--- Provided data Enclosed Below ---

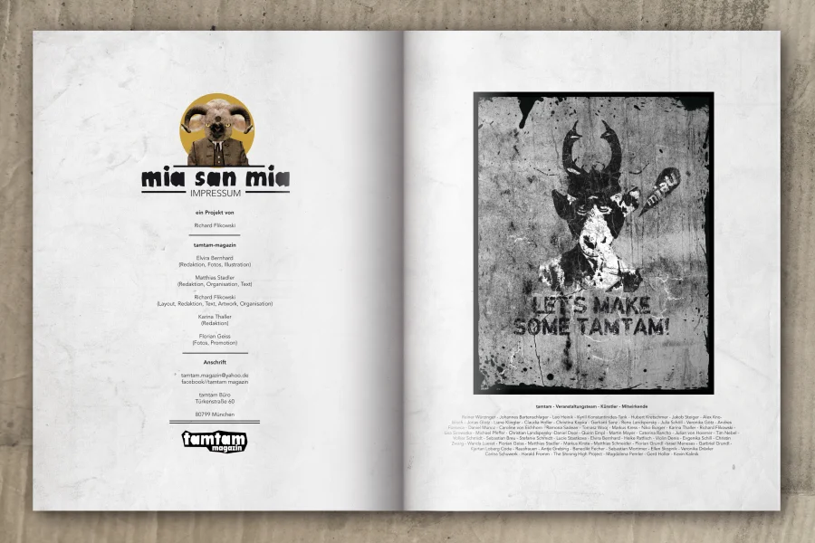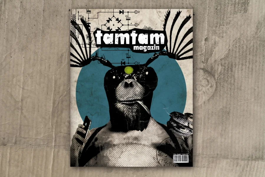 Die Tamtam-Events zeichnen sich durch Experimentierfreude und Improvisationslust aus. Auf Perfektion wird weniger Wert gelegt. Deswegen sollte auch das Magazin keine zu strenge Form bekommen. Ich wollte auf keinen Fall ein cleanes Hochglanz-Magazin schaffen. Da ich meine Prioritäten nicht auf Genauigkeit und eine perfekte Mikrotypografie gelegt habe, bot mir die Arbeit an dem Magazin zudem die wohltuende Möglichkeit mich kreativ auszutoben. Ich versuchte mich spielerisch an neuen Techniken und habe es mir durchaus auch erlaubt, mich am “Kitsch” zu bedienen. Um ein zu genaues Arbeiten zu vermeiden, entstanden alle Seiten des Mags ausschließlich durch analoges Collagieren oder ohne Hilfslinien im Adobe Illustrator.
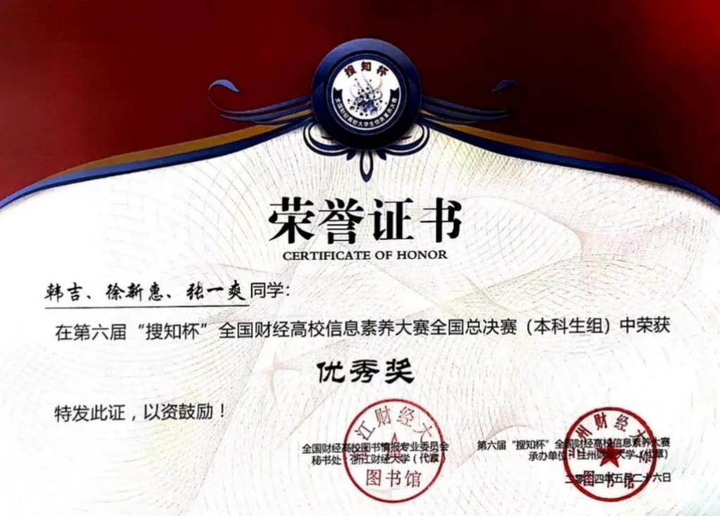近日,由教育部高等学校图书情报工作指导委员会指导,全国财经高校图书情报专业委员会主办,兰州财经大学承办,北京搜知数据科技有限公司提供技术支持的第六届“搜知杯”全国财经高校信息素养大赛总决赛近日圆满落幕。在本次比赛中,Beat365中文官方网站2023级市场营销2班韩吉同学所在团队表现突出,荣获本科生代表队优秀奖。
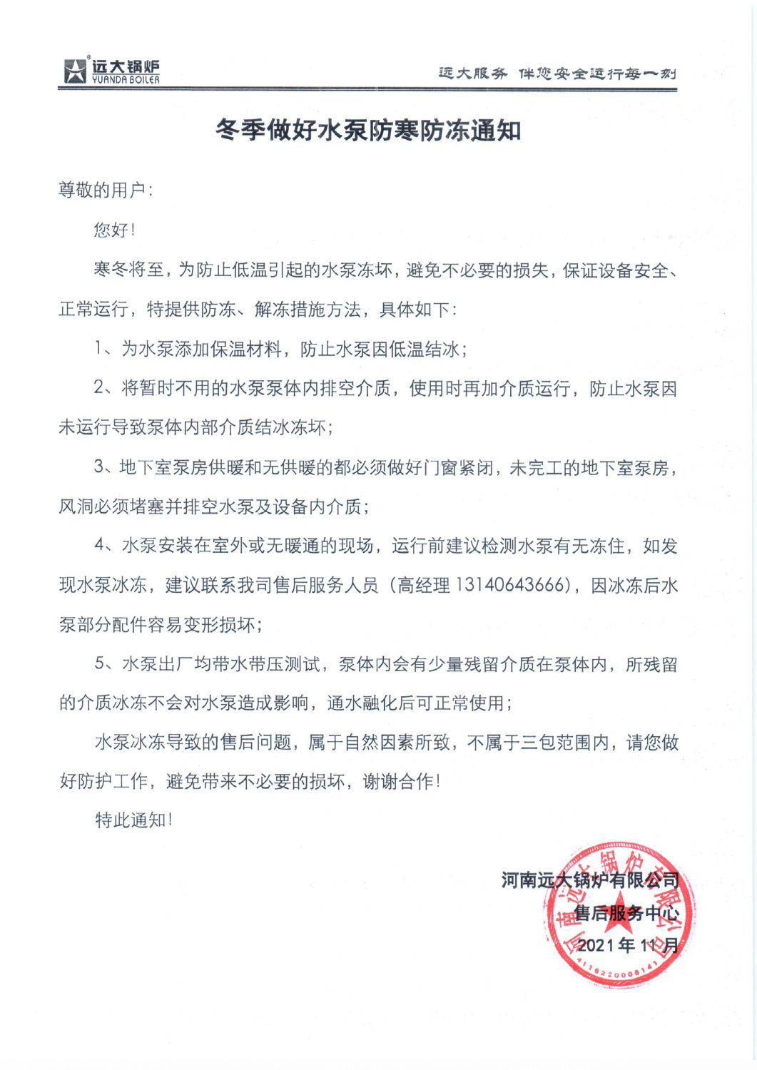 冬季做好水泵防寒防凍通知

--- End of Enclosed Provided data ---

Exercise details.
Output a faithful copy of the data, with each picture left out.

Exercise answer.
 Die Tamtam-Events zeichnen sich durch Experimentierfreude und Improvisationslust aus. Auf Perfektion wird weniger Wert gelegt. Deswegen sollte auch das Magazin keine zu strenge Form bekommen. Ich wollte auf keinen Fall ein cleanes Hochglanz-Magazin schaffen. Da ich meine Prioritäten nicht auf Genauigkeit und eine perfekte Mikrotypografie gelegt habe, bot mir die Arbeit an dem Magazin zudem die wohltuende Möglichkeit mich kreativ auszutoben. Ich versuchte mich spielerisch an neuen Techniken und habe es mir durchaus auch erlaubt, mich am “Kitsch” zu bedienen. Um ein zu genaues Arbeiten zu vermeiden, entstanden alle Seiten des Mags ausschließlich durch analoges Collagieren oder ohne Hilfslinien im Adobe Illustrator.
近日,由教育部高等学校图书情报工作指导委员会指导,全国财经高校图书情报专业委员会主办,兰州财经大学承办,北京搜知数据科技有限公司提供技术支持的第六届“搜知杯”全国财经高校信息素养大赛总决赛近日圆满落幕。在本次比赛中,Beat365中文官方网站2023级市场营销2班韩吉同学所在团队表现突出,荣获本科生代表队优秀奖。
 冬季做好水泵防寒防凍通知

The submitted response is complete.